TASK BRIEF: Lines to return, exactly: from the line with "Brown double-breasted coat" to the line with "The Cocomocart 1/4" in the entries below, both included.

== MATERIAL SHOWN ==

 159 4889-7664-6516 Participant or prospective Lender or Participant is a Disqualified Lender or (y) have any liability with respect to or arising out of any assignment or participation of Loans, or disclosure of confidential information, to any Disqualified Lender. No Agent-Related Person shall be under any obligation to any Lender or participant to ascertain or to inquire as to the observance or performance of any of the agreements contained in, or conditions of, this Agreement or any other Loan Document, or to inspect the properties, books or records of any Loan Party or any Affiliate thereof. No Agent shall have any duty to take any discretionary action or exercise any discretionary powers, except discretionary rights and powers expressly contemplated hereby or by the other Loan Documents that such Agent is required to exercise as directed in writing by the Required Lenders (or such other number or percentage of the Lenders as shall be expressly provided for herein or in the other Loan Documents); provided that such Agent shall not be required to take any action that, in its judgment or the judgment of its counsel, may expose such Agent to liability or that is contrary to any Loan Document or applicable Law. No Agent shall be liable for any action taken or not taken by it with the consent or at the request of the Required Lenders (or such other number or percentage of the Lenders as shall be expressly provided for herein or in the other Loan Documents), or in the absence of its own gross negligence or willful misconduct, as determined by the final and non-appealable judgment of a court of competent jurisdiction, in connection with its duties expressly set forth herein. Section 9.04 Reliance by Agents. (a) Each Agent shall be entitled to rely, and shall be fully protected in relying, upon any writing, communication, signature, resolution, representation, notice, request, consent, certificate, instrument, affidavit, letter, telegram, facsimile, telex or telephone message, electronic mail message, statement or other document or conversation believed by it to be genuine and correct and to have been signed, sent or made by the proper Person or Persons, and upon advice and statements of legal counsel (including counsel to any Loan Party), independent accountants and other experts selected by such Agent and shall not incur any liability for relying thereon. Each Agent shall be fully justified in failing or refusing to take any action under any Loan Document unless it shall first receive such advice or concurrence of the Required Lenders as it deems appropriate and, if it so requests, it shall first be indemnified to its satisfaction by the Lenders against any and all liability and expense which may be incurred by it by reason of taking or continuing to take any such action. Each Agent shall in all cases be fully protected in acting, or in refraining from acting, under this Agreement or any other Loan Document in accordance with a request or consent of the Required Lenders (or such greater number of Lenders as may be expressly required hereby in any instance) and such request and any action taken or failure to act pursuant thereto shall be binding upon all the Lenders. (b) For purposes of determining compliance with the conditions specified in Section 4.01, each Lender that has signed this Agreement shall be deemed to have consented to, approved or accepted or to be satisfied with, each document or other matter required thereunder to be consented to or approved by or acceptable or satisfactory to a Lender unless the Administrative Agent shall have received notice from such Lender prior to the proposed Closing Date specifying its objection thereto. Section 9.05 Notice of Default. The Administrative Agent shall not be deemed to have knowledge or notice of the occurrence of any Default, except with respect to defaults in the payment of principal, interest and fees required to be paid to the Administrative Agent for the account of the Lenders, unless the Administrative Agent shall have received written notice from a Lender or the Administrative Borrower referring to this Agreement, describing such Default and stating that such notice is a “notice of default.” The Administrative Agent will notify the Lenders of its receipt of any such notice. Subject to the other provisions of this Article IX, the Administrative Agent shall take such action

===
== MATERIAL SHOWN ==

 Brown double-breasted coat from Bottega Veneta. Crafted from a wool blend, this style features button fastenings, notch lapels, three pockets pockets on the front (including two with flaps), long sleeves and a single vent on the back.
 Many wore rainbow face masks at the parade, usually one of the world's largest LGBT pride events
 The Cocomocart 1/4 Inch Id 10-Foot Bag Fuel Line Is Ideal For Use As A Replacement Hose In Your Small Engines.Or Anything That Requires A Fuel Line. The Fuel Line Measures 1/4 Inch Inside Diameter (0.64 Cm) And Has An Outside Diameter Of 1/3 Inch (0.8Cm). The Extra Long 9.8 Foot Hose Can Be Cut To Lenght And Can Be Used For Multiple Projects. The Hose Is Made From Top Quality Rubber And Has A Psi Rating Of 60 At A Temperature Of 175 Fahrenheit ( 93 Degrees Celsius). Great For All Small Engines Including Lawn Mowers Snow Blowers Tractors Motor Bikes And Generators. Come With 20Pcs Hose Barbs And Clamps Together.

===

TASK RESPONSE:
 Brown double-breasted coat from Bottega Veneta. Crafted from a wool blend, this style features button fastenings, notch lapels, three pockets pockets on the front (including two with flaps), long sleeves and a single vent on the back.
 Many wore rainbow face masks at the parade, usually one of the world's largest LGBT pride events
 The Cocomocart 1/4 Inch Id 10-Foot Bag Fuel Line Is Ideal For Use As A Replacement Hose In Your Small Engines.Or Anything That Requires A Fuel Line. The Fuel Line Measures 1/4 Inch Inside Diameter (0.64 Cm) And Has An Outside Diameter Of 1/3 Inch (0.8Cm). The Extra Long 9.8 Foot Hose Can Be Cut To Lenght And Can Be Used For Multiple Projects. The Hose Is Made From Top Quality Rubber And Has A Psi Rating Of 60 At A Temperature Of 175 Fahrenheit ( 93 Degrees Celsius). Great For All Small Engines Including Lawn Mowers Snow Blowers Tractors Motor Bikes And Generators. Come With 20Pcs Hose Barbs And Clamps Together.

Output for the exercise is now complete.